**How to complete this task:** Starting with the line with "New 1998 Fiesta" in the entries below and going on through the line with "A tripod for", output every line exactly and nothing more. No pictures.

══ Available data ══

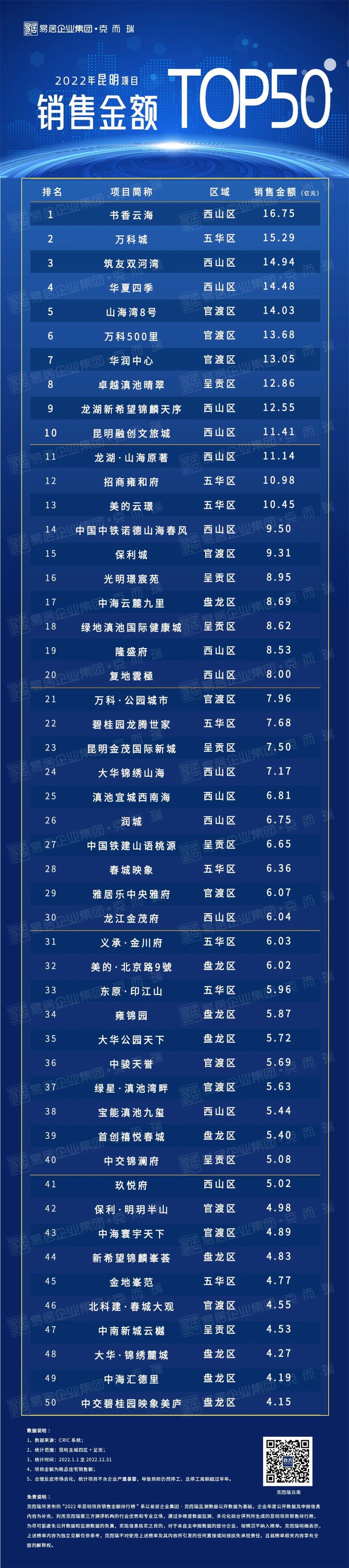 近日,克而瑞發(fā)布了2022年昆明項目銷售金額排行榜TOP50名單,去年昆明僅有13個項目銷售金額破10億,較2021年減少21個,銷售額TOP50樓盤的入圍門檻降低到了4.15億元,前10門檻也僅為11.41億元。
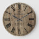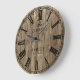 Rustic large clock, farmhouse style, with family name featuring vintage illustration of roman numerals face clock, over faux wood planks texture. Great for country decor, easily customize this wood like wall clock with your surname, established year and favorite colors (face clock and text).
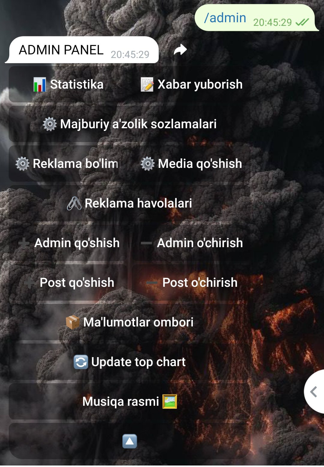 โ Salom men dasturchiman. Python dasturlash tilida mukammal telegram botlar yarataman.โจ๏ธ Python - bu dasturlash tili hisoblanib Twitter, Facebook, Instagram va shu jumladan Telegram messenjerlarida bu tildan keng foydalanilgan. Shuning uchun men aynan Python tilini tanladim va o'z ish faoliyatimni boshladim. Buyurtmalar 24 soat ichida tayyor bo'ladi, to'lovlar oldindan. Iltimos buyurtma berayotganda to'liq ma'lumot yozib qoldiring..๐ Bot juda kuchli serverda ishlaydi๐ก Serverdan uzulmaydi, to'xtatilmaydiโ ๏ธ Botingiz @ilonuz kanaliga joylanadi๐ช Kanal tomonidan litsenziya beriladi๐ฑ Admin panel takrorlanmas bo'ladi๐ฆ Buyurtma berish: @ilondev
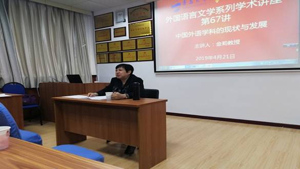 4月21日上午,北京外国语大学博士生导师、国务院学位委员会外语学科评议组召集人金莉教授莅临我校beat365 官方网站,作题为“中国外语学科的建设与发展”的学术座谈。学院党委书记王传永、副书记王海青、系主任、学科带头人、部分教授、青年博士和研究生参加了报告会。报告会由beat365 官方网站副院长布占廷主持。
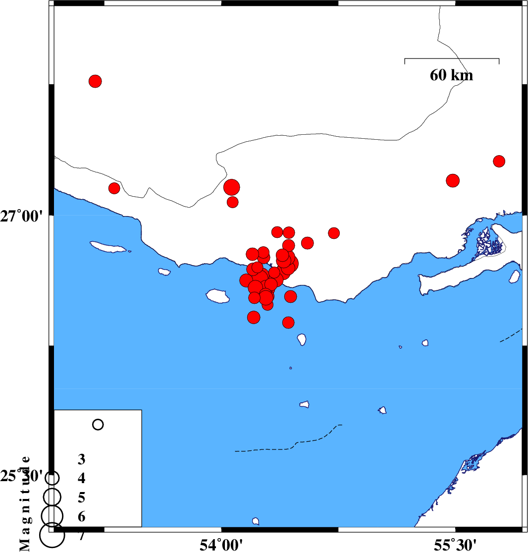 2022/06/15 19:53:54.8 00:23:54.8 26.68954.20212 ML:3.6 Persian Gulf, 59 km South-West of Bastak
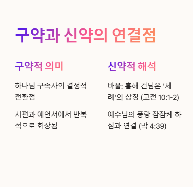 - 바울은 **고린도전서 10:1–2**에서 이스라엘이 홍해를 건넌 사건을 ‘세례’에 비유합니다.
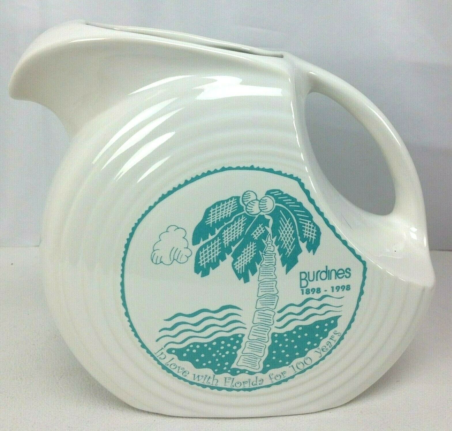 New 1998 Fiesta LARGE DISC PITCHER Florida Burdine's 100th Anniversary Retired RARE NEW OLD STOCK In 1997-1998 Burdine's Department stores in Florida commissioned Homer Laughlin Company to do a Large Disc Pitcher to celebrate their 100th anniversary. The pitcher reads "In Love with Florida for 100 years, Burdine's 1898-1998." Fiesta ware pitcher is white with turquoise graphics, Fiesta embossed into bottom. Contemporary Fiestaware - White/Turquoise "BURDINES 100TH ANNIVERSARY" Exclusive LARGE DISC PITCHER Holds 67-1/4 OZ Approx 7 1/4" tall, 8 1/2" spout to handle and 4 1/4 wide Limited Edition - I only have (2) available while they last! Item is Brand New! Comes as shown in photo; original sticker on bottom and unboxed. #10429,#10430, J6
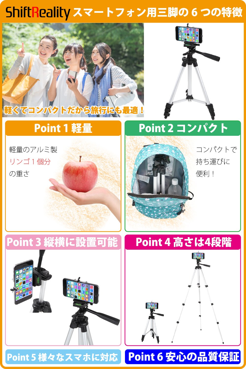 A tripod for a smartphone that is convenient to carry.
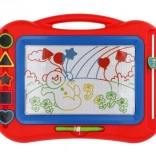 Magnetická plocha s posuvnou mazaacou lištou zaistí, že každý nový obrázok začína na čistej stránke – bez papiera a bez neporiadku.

═══

**Reply to the task:**
 New 1998 Fiesta LARGE DISC PITCHER Florida Burdine's 100th Anniversary Retired RARE NEW OLD STOCK In 1997-1998 Burdine's Department stores in Florida commissioned Homer Laughlin Company to do a Large Disc Pitcher to celebrate their 100th anniversary. The pitcher reads "In Love with Florida for 100 years, Burdine's 1898-1998." Fiesta ware pitcher is white with turquoise graphics, Fiesta embossed into bottom. Contemporary Fiestaware - White/Turquoise "BURDINES 100TH ANNIVERSARY" Exclusive LARGE DISC PITCHER Holds 67-1/4 OZ Approx 7 1/4" tall, 8 1/2" spout to handle and 4 1/4 wide Limited Edition - I only have (2) available while they last! Item is Brand New! Comes as shown in photo; original sticker on bottom and unboxed. #10429,#10430, J6
 A tripod for a smartphone that is convenient to carry.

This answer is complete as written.